On the supply side, oilfield decline rates have accelerated sharply in 2020 and in early 2021. Plus, energy capex has come down sharply in the past year and now the International Energy Agency is calling for further investment reductions to meet climate goals. Reflecting a tighter market ahead, Brent in 2026 recently traded above $59 per barrel (/bbl) last week, up from a 2020 low of $47/bbl.

“With spec oil positions relatively low and CO2 prices rising too, we see room for long-dated oil prices to move structurally higher by $5 to $10/bbl,” the BofA Global Research report said.

While a Covid-19 surge in India has depressed mobility, the link between Covid-19 cases and fuel consumption is starting to break down around the world. In part, workplace mobility is picking up thanks to the global vaccination campaign. For instance, despite a resurgence in Covid-19 cases in countries like Chile, the UAE, or Bahrain (nations with some of the highest vaccination levels in the world), hospitalization and death rates have stayed low. So, mobility has kept improving there.

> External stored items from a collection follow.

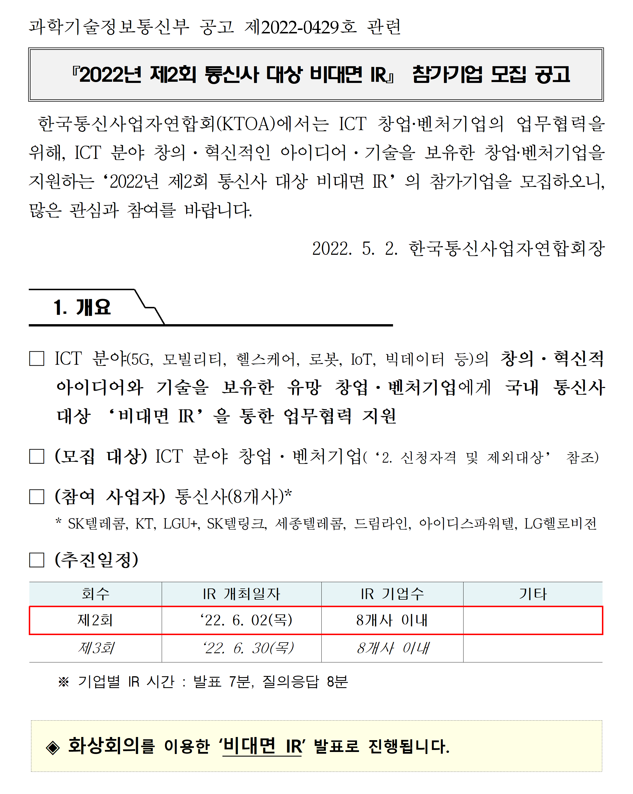 「2022년 제2회 통신사 대상 비대면 IR」 참가기업 모집공고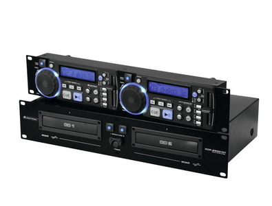 Doppel-CD-Player mit Mastertempo-FunktionDoppel-CD-Player für DJsMastertempo-Funktion (gleichbleibende Tonhöhe bei Geschwindigkeitsänderung)2 x 40 Sekunden Anti-Shock-PufferAlphanumerische LCD-Displays (blau hinterleuchtet)Beleuchtet Jogdials mit Moduswahl: Pitch Bend, schnelle oder framegenaue SucheBequeme Titelwahl über Skip- und +10-TastenPitchregelung ±4 %, ±8 %, ±16 %Pitch-Bend-TastenCue-FunktionNahtlose Loop/Reloop-FunktionEinzel- oder GesamttitelwiedergabeWiederholfunktionenTitelprogrammierungAnzeige von Titelabspielzeit, Titelrestspielzeit oder GesamtrestspielzeitBargraph-AnzeigeAnzeige der Geschwindigkeitsänderung in %Große hinterleuchtete Tasten für Play/Pause und Cue19''-Maße für RackeinbauSpannungsversorgung: 100-240 V AC, 50/60 Hz ~Gesamtanschlusswert: 30 WTyp: Doppel-CD-PlayerGeeignete CDs: CD/-R/-RW im CD-DA-Format (8 und 12 cm)Geschwindigkeitsanpassung: ±4 %, ±8 %, ±16 %Display: Titelabspielzeit, Titelrestspielzeit, GesamtrestspielzeitKlirrfaktor: 0,09 %Geräuschspannungsabstand: 70 dBFrequenzgang: 20-20.000 HzAudioausgang: 2 x Stereo-Cinch/ 2 VMaße (LxBxH) : 483 x 260 x 97 mm (CD-Player),483 x 85 x 90 mm (Steuerung),19''-Maße mit je 2 HEGewicht: 6 kg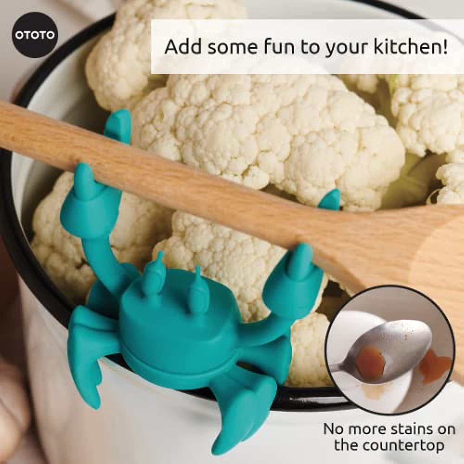- Meet Aqua the Crab - We bring you Aqua the Crab ready to lend a helping claw! This non-slip silicone utensil rest and spoon holder takes off the hassle while you do the hustle.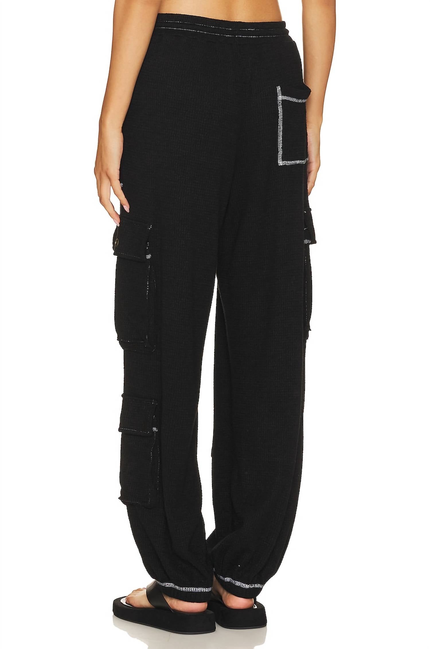 No gym necessary for these cool-girl joggers. Stylish addition to your track pants and joggers collection. Boast a comfortable pull-on design with a high-rise elastic waist and a drawstring closure. Made from a lightweight gauze thermal fabric, blends 50% Rayon, 28% Polyester, and 22% Nylon. Perfect for fall travel and streetwear occasions. Featuring functional cargo pockets and deep front pockets, versatile and practical. Machine wash recommended. For reference, the model is 5'9" and wears a size small.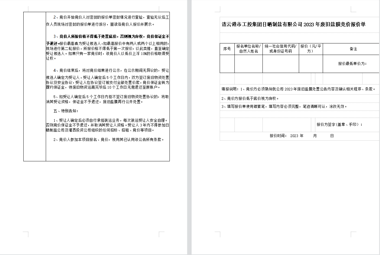 連云港市工投集團(tuán)日曬制鹽有限公司廢舊鹽膜處置公告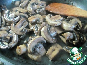 Грибы положить в сковороду, налить соевый соус, перемешать.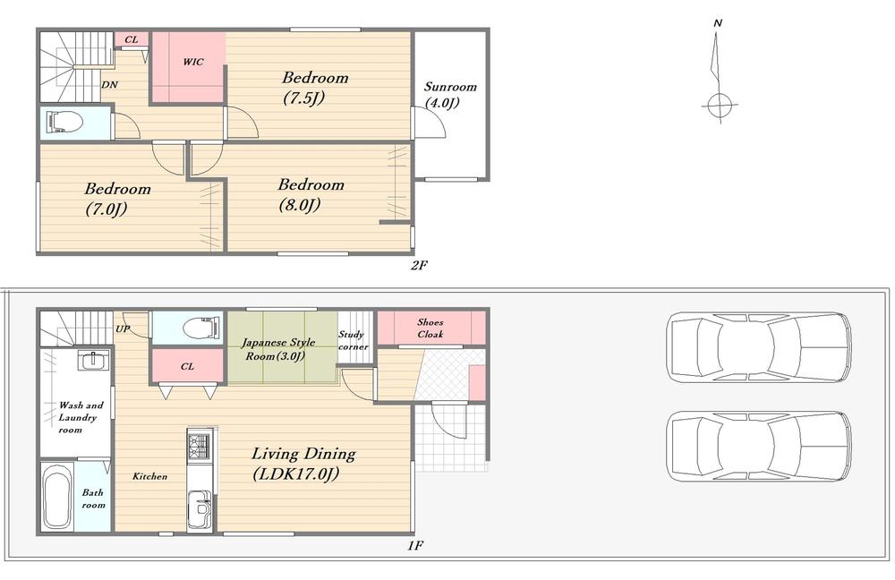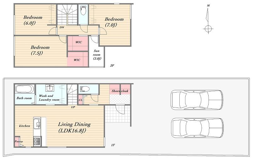 | 設備 | 駐車2台可 / スーパー 徒歩10分以内 / システムキッチン / 陽当り良好 / 全居室収納 / LDK15畳以上 / 和室 / シャワー付洗面化粧台 / 対面式キッチン / トイレ2ヶ所 / 浴室1坪以上 / パントリー(食器・食品の収納庫) / ウォークインクローゼット / リビング階段 / シューズインクローク | ||||

With global transportation demand set to recover sequentially, the upcoming new Iran nuclear deal could be the next bump in the recovery path for oil prices.

“Even then, we see three mitigating factors: (1) a return of Iran is already embedded into our global oil balances, (2) Opec+ will likely act to accommodate the comeback one of its largest members, and (3) Iranian output is already nearing 2.4 million b/d anyway, up 0.36 million b/d YoY,” the BofA Global Research report said.